Dataset content -
=======

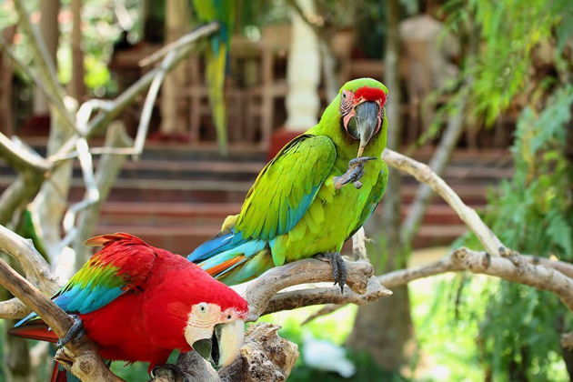 Большинство пернатых находится в вольерах. Возле каждого вольера имеется информация о том, кто в нем живет. Некоторые птицы свободно перемещаются по всему парку. На главной площадке всех посетителей встречают яркие попугаи, которые абсолютно не боятся людей и с удовольствием садятся на руки и головы. Они настоящие фотомодели и умеют отлично позировать, поэтому вы сможете сфотографироваться и пообщаться с ними.Все птицы здесь невероятно красивы. К сожалению, многие из них в естественной среде встречаются очень редко. Большая часть обитателей парка занесена в Красную книгу, но здесь вы сможете увидеть их вблизи. Сейчас я расскажу вам о самых интересных птицах, которые содержатся в парке.
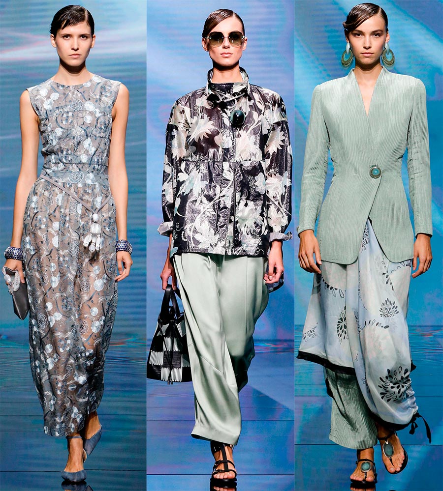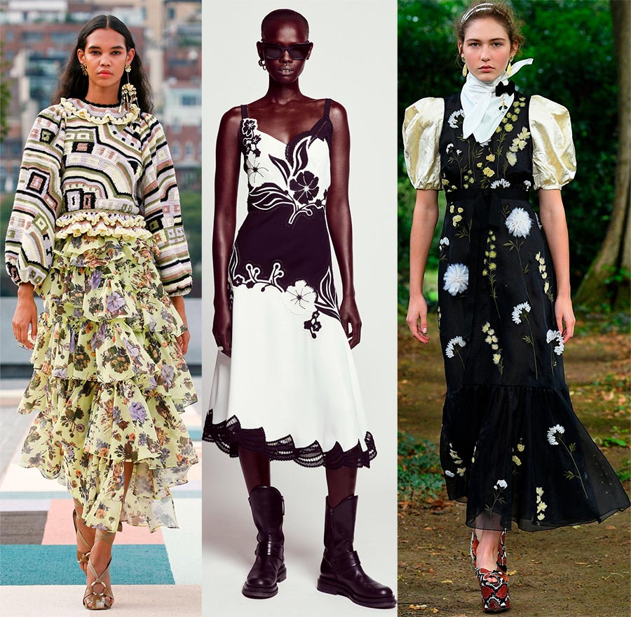 Les designers expérimentent avec des tissus, des textures et des décors. Des compositions florales se dévoilent sur des robes en mousseline, satin et soie. Ils sont bons dans les robes et les jupes, les hauts et les chemisiers, les pulls et les salopettes.
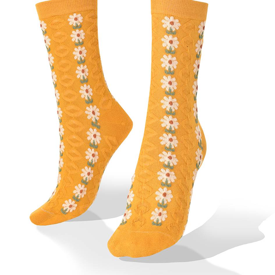 Medias con Margaritas Fondo Mostaza Aves del Plata™

=======

What you need to do -
Print the listing verbatim; no pictures.

Solution to the exercise -
 Большинство пернатых находится в вольерах. Возле каждого вольера имеется информация о том, кто в нем живет. Некоторые птицы свободно перемещаются по всему парку. На главной площадке всех посетителей встречают яркие попугаи, которые абсолютно не боятся людей и с удовольствием садятся на руки и головы. Они настоящие фотомодели и умеют отлично позировать, поэтому вы сможете сфотографироваться и пообщаться с ними.Все птицы здесь невероятно красивы. К сожалению, многие из них в естественной среде встречаются очень редко. Большая часть обитателей парка занесена в Красную книгу, но здесь вы сможете увидеть их вблизи. Сейчас я расскажу вам о самых интересных птицах, которые содержатся в парке.
 Les designers expérimentent avec des tissus, des textures et des décors. Des compositions florales se dévoilent sur des robes en mousseline, satin et soie. Ils sont bons dans les robes et les jupes, les hauts et les chemisiers, les pulls et les salopettes.
 Medias con Margaritas Fondo Mostaza Aves del Plata™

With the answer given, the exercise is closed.